While parts of the yield curve, namely 5-10-year and 3-10-year bonds, had already inverted last week, the drop in the gap between the 5-year and 30-year bond market maturities world’s largest in negative territory necessary. The US central bank’s aggressive approach to reining in inflation could hurt growth.

“That is exactly what the bond market is pricing in: that the Fed’s policy response is going to curb economic growth sharply,” he said. Peter Chatwell, Head of Multi-Asset Strategy at Mizuho Bank.

The difference between 5-year and 30-year US Treasury yields fell below 0 for the first time since February 2006 at least 3.5 basis points. The differential has collapsed since 53.5 bp positive earlier this month.

Meanwhile, the two-year treasury yield climbed up to 2.41%, its highest level since the beginning of 2019 and rose by around 7 pounds on day.

Ten-year bond yields pushed determined above the 2.5% marker, hitting their highest level since April 2019.

The break between 5-year and 10-year yields narrowed to around minus 13 poundsfilm doses further into inverted territory.
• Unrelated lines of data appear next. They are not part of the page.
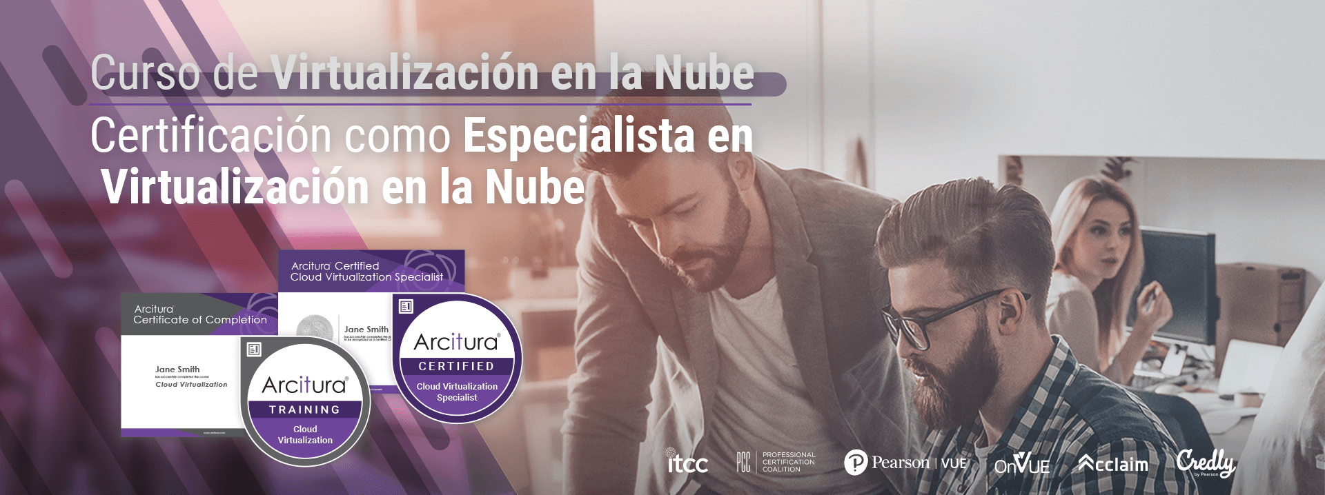 Complete el curso de Virtualización en la Nube y, opcionalmente, acredítese como Especialista en Virtualización en la Nube aprobando el examen de certificación. Puede comprar el curso ahora y obtener el examen más tarde, o puede obtenerlos juntos con un descuento como parte del Paquete de certificación.
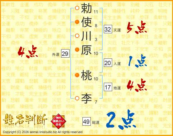 勅(11画)使(8画)川(3画)原(10画) 桃(10画)李(7画)
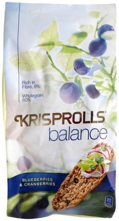 8、Krisprolls Balance:蓝莓和蔓越莓土司(瑞典)。美味的蓝莓和蔓越莓脆瑞典土司。含有丰富的纤维(9%)。全谷物含量60%。每个Krisprolls热量208 kJ (49千卡)。使用精心挑选的配料和来自Krisprolls磨坊的面粉焙烤而成。
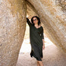 Reversible, sleek pull on midi-length dress with ¾ sleeves.
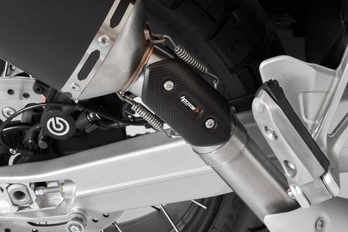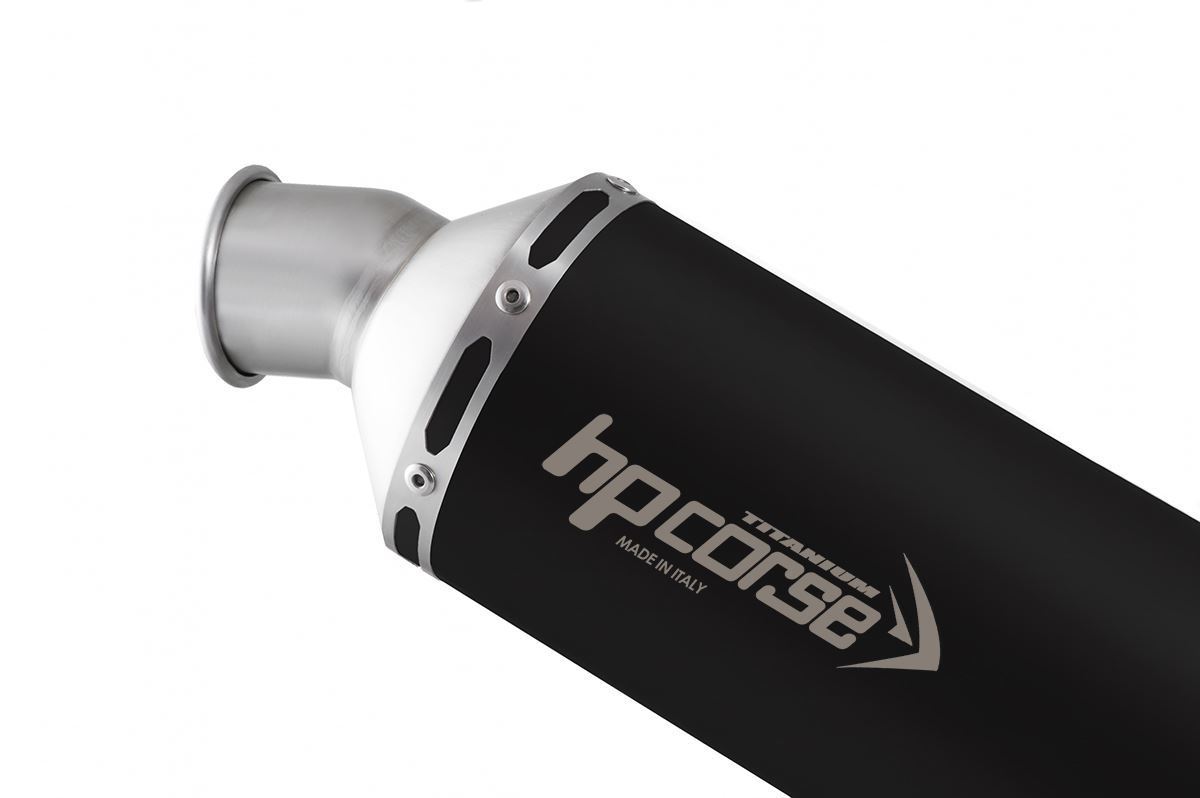 Euro 5 承認済み、手動で TIG 溶接されたサポート ブラケット、ソリッドから機械加工されたフィッティングへのカップリング ブッシング、およびレーザー刻印された Hp CORSE TITANIUM ロゴがあります。

Bank of America (BofA) and Citi joined a small but growing number of major investment banks on Friday that called more aggressive interest rate hikes by the US Federal Reserve in a context of soaring inflation and aggressive comments from politicians.

“There is real concern that the monetary tightening needed to bring inflation back on target, particularly in the US, could trigger, at best, an economic slowdown or, at worst, a recession across the board. rule,” he said. Stuart Cole, chief macroeconomist at Equiti Capital.